# WWYD? I want warmth!!



## lkauppi (Sep 21, 2009)

We have a Heat-n-glo 6000TVFL vented B type, pretty but useless gas logs.  I want something that will give us heat. I have no idea which way to go or which way we can go.   We need to do a whole house hvac makeover anyway, but I am starting with the fireplace.  I had a set of heatmaster logs with an overhead blower in a past house, loved it.  I am wanting that type of deal again, it was in a firebox that could burn wood, but we had the logs in it.  Can I put an insert in the current space that will allow wood burning insert or gas logs or both?  Thanks for your help.


----------



## KeithO (Sep 22, 2009)

Most of the efficient gas units will be direct vent.  If it is in an above ground area, venting through the wall can be remarkably inexpensive and a simple DIY job.  I would be inclined to leave the fireplace alone only because of the work required to tear it out and the fact that you more than likely wouldn't be using the B vent anyway.

Look into a free standing stove and direct vent through the wall.  Morso & Jotul have nice stoves.  Napoleon similar in price, maybe slightly cheaper.  Not sure I trust the Napoleon quality.  Woodstock have some very nice and pretty soapstone stoves.  Not cheap, but in a different league and forever.
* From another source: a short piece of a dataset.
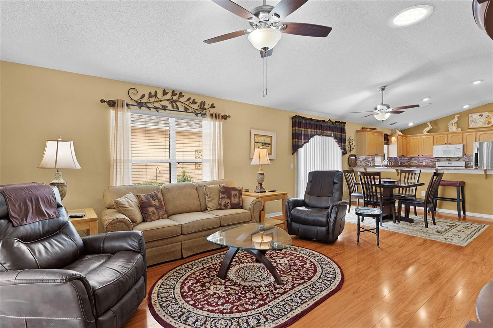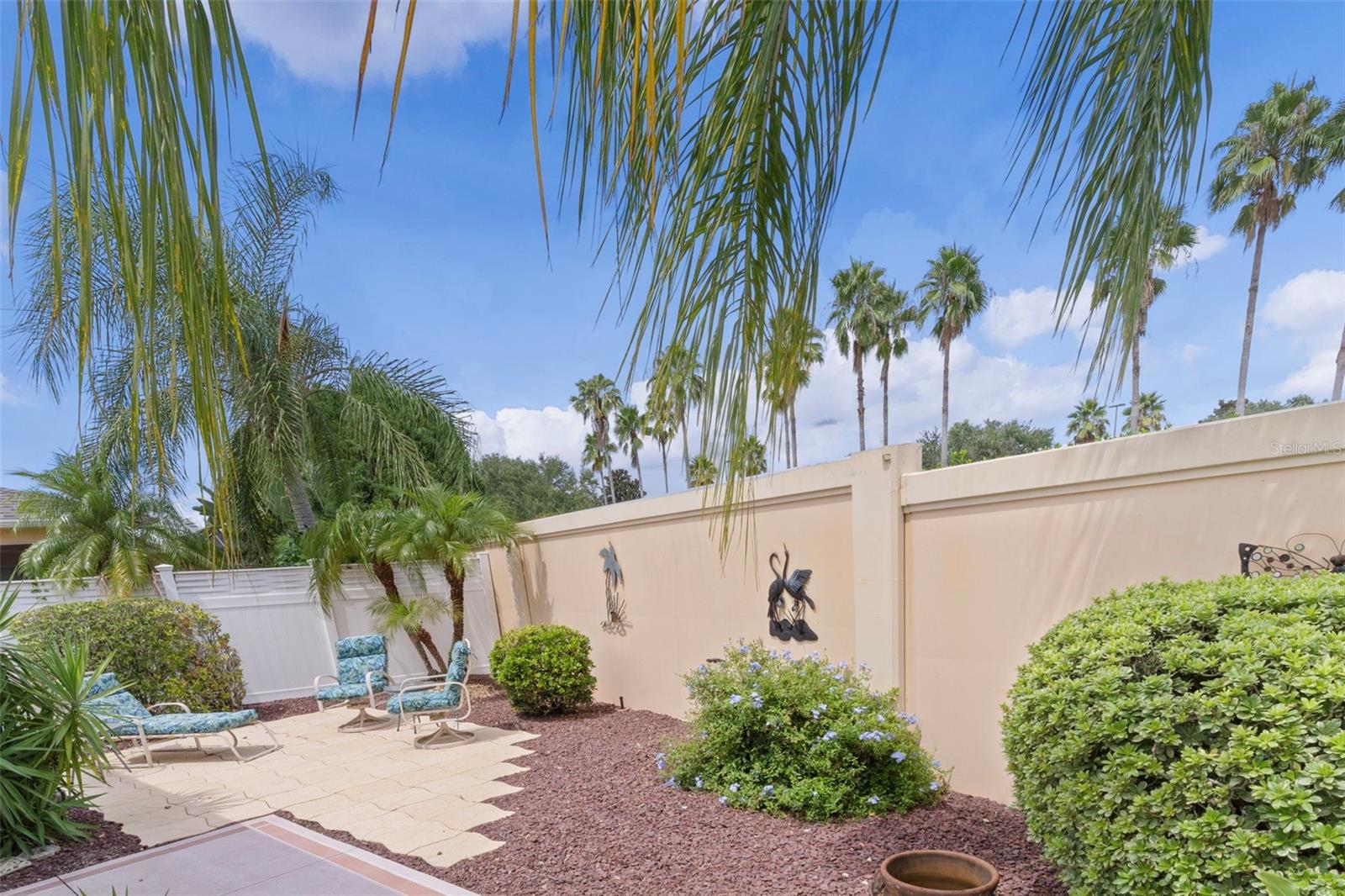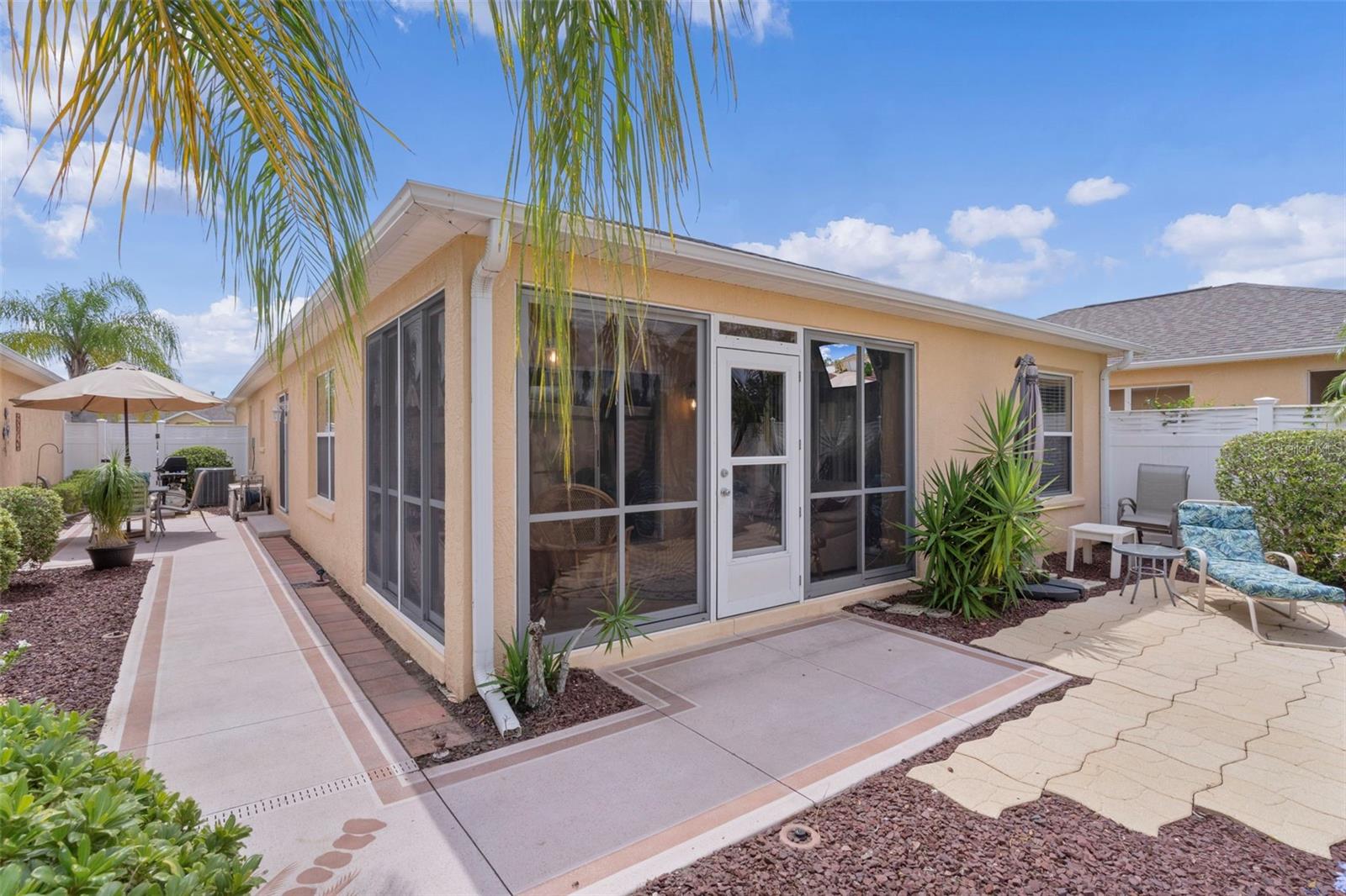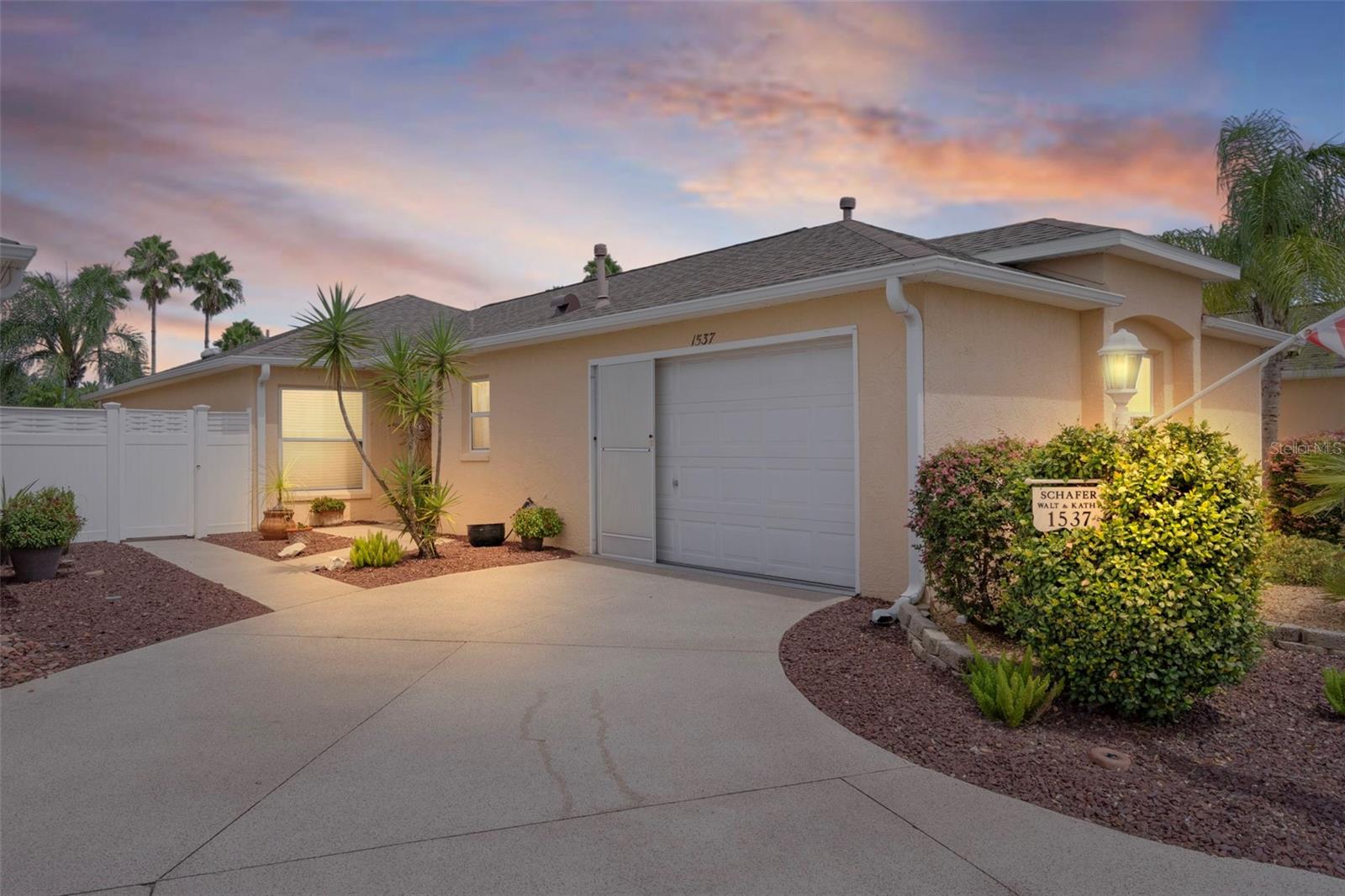 BOND PAID, PARTIALLY FURNISHED, NEWER ROOF 2021, NO CARPET, BLOCK & STUCCO, VAULTED CEILINGS, GRANITE, OPEN CONCEPT, INSIDE LAUNDRY, OUTSTANDING LOCATION = your new home! This one-owner FOXGLOVE Courtyard Villa in the desirable Village of POINCIANA checks all the boxes! Offering 3 bedrooms, 2 baths, OPEN CONCEPT, BLOCK & STUCCO construction, and a ROOF REPLACED IN 2021—with the BOND ALREADY PAID. Exterior features include a PAINTED DRIVEWAY AND WALKWAYS, low-maintenance landscape with ROCK BEDS, a sliding GARAGE SCREEN, and a welcoming STORM DOOR. Relax in the private backyard sitting area—your own quiet retreat. This villa is offered PARTIALLY FURNISHED for an easy, move-in ready lifestyle. Prefer unfurnished? The seller will remove furnishings at your request. A YAMAHA GOLF CART is available separately. Step inside to find VAULTED CEILINGS, SOLAR TUBES (living room, primary bath, and 3rd bedroom/office), and an INSIDE LAUNDRY ROOM with cabinetry. The kitchen shines with GRANITE COUNTERTOPS (matching granite in both bathrooms), plentiful cabinets with PULL-OUTS, modern BACKSPLASH, bar-height SEATING, newer STAINLESS-STEEL REFRIGERATOR, and a BOSCH dishwasher. Flooring includes LAMINATE in main areas, TILE in wet spaces, and the LANAI for style and easy care. The primary suite offers a WALK-IN CLOSET with an abundance of shelving and an EN-SUITE BATH WITH SOLAR TUBE—plenty of natural light. A POCKET DOOR GUEST SUITE ensures privacy for visitors. The garage accommodates both car and golf cart, enhanced with HANGING STORAGE RACKS. FANTASTIC LOCATION! Directly across from Allamanda Rec Center, just 1 mile to Cane Garden CC, even less to the Poinciana Postal station/neighborhood pool, a short trip to Lake Sumter Landing as well as Brownwood!! and only less than 3 miles to Havana Country Club and Colony Plaza. You’ll enjoy quick access to shopping, dining, golf, rec centers, and nightly entertainment at the squares. All the reasons you’ll love calling this home, HOME!

I don't think anyone here is going to recommend what you are suggesting.  A "real" EPA insert  + class A + gas logs = big bucks.


----------



## dattjacobs (Sep 28, 2009)

I just put in a jotul gv 600dv 40,000 btu ng stove. This stove is great. 260 pounds gets hot as hell stays hot for about 20 mins after you cut off the gas. I have a blower on mine. Flame looks very nice, 12 inch flames. I'm heating about 1,500 sq with it. Stove cost me 2,700 with vents and blower. 325 for install. Good luck

Todd


----------



## gasplumber (Sep 30, 2009)

The most efficient type of gas log is by far a vent free.  99.9% if operating properly and in a vent free firebox.   They will put out a tremendous amount of heat.  It sounds like the firebox/unit you have likely isnt rated for a vent free.  Not sure about local code in your area but here the firebox must be rated for ventfree or be a masonry firebox to install a vent free.  You can have a vent free firebox installed pretty easy but the cost will be high.  You will also need to check on mantle clearances etc.


----------



## Fsappo (Oct 9, 2009)

I think that Heat N Glo Model is a 36 B vent gas fireplace.  If it is, just changing the logs wouldnt be an option.  From what I remember, it has the same framing dimensions as the direct vent heat n gloe fireplaces.  I'd pull it out, install a high efficiency direct vent fireplace and you can run DV pipe thru the area where the B vent ran.  It may be nice and simple without a lot of re framing


----------